Meanwhile in Congress, the Republican-controlled House of Representatives held votes on over 200 bills in 2011 that directly aimed to curtail the EPA’s regulatory authority and undermine environmental protections of air, water and public health.

Hostility Ahead

The open hostility displayed toward the EPA and environmental protections in general came from all corners of the Republican Party—from Tea Party freshmen in the House of Representatives to senior Senate leaders, and covered all issues—from climate change science to endangered species protections. The depth and degree of antagonism to even the most common sense environmental regulations has many in the environmental community worried about potential outcomes of the 2012 elections. Could a President Romney use an executive order to close down the EPA or give the House Republicans veto authority over any new rules or regulations developed by the agency? If Republicans gained control of Congress and the presidency, would they use that power to repeal or weaken the Clean Air and Clean Water Acts and roll back much of the recent progress on carbon pollution? By contrast, would President Obama, freed from electoral pressures, finally push for a real energy policy that would shift the country from its dependency on fossil fuels to a clean energy path?

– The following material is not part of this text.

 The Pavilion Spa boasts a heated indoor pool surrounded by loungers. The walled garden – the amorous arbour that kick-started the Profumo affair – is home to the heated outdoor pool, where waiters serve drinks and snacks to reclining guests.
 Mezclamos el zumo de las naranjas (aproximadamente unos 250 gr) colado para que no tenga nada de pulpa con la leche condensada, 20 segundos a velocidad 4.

With Republicans increasingly taking extreme anti-regulatory positions, and time quickly running out to address climate change in a meaningful way, 2012 could be a watershed election for environmental policy.

2012 elections, © Hemera

Obama Rallies the EPA

In early January 2012, while the Republican presidential candidates were campaigning across New Hampshire in the runup to that state’s presidential primary, President Obama dropped by the Environmental Protection Agency to give a short pep talk. The move was meant to show support to the beleaguered employees of the EPA, who had been subject to a steady barrage of attacks from Republicans in Congress, the conservative media and presidential candidates on the campaign trail.

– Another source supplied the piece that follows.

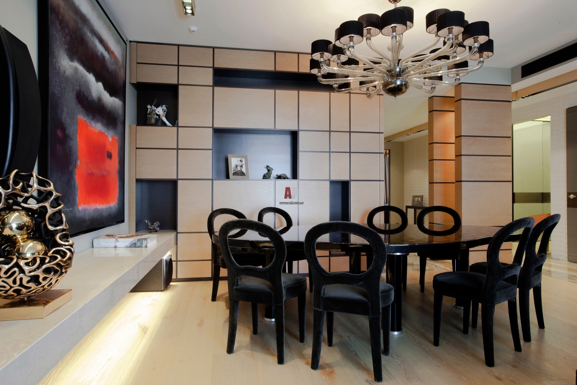 Интерьер современной гостиной. Перегородка обыграна как стеллаж с нишами разного размера и формы для хранения мелких предметов. Его фасад набран из дубовых панелей с бронзовой расшивкой, задник выкрашен в черный цвет. Изделия из дерева, изготовление «АФ Ника».
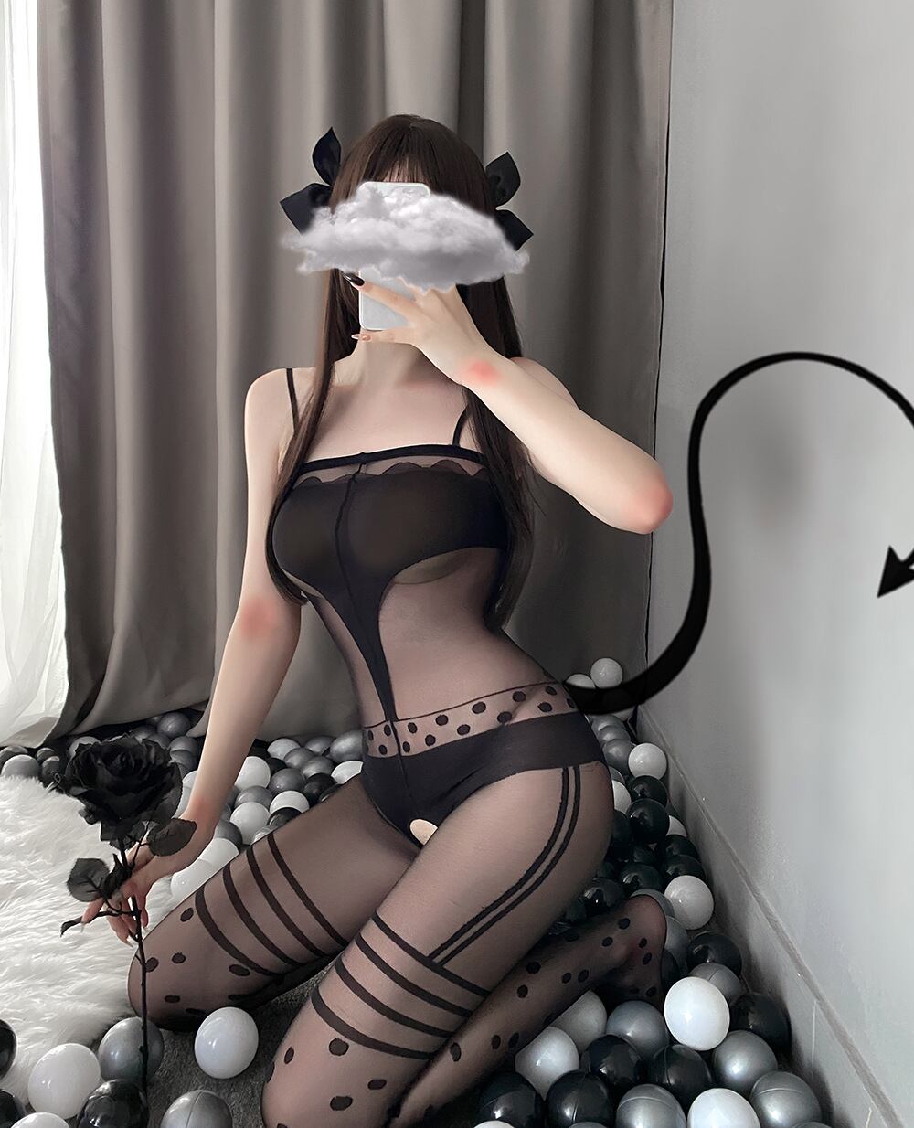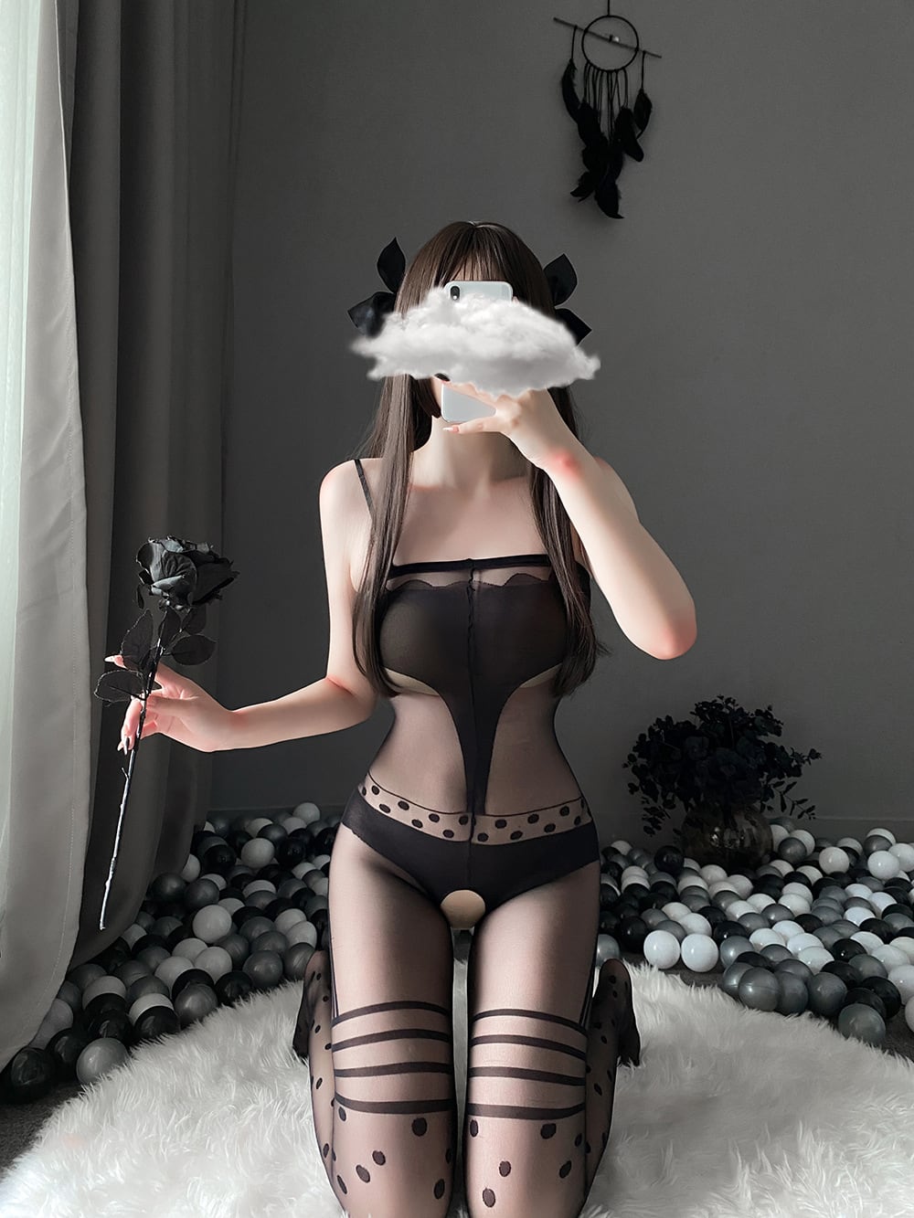 妖艶な透け感で魅せる、ドットデザインのオールインワンランジェリー

The President reaffirmed his support for the mission of the EPA to a clearly appreciative crowd. “The EPA touches on the lives of every single American every single day,” Obama said. “You help make sure that the air we breathe, the water we drink and the foods we eat are safe. You protect the environment not just for our children, but for their children.”

Under the leadership of Administrator Lisa Jackson, and with the support of the White House, the EPA rolled out a series of significant measures in the first three years of the Obama presidency—dramatically increasing fuel efficiency standards for cars and light trucks from the current Corporate Average Fuel Economy (CAFE) standard of 24.1 mpg to 54.5 by 2025; and setting tough new limits on mercury and other toxic emissions from power plants as well as rules targeting pollution emissions that cross state lines.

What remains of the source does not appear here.